Seanad debates

Tuesday, 20 November 2007

5:00 pm

Photo of Mary HarneyMary Harney (Dublin Mid West, Progressive Democrats)

Senator Fitzgerald asked about the implementation strategy. I have a meeting tonight with Professor Keane and am due to have a five-hour meeting with him on Thursday. He will come forward with the implementation plan early in the new year. He spent some time here before he agreed to take the position and he knows a lot of the clinicians and other people who work in the HSE. He wants to meet a lot of people and enter into dialogue on the way in which services can be relocated from smaller hospitals to the centres of excellence and from the centres back to the smaller hospitals. In the west, for example, many patients who are travelling to Galway for treatment could have their procedures performed in Portiuncula, Roscommon, Castlebar or Sligo. The intention is to move services that do not need to be in the cancer centres out to the smaller hospitals and to move cancer-related activities into the centres.

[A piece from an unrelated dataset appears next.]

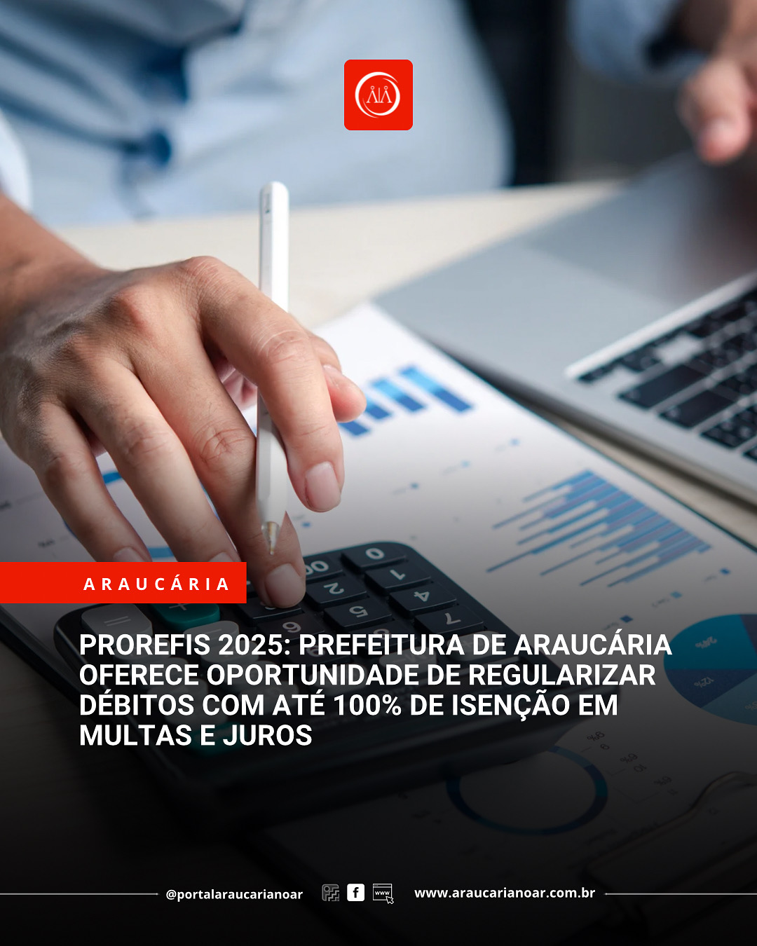 De 3 de novembro de 2025 a 30 de janeiro de 2026, a Prefeitura de Araucária, por meio da Secretaria Municipal de Finanças (SMFI), abre o Programa de Recuperação Fiscal de Créditos Tributários e Não Tributários (PROREFIS). A iniciativa permite que contribuintes regularizem débitos municipais com descontos que podem chegar a 100% sobre multas e juros, dependendo da forma de pagamento.

We must do as much as we can at local level. Some of the diagnostics may be carried out locally, with tests taken at a local hospital and read at the centre by the experts. That is not uncommon in other countries. Obviously, chemotherapy will be provided. The one area in which we are top of the class worldwide is in the treatment of children's cancer. That is because it is centrally planned in Crumlin and administered in 15 or 16 hospitals around the country. As the experts in Crumlin are involved in planning and supervising care, we are at the top of the class. That is what we want to do with other cancers as well.

Senators asked why I am happy about outsourcing. We have two accredited laboratories in Ireland. At the moment 300,000 opportunistic smears are taken every year. When the cervical screening programme rolls out next year we will be doing 240,000 per year. That is less than what we are doing at the moment. We have 80 cervical cytology specialists although we do not need anything like that number. I am asked why we do not have more, but we actually have more than we need. For the moment, to improve the speed of response — because six months is not a speedy response — the service was outsourced via a procurement process and awarded to Quest in the United States. This is an accredited laboratory with very high standards and the results are returned quickly. If we are to put the patient first, we must think of innovative ways of getting the results to the patient. In my experience, patients do not care how something is funded or who organises it. What they care about is getting treatment fast when they need it and, in particular, being provided with a quick diagnosis.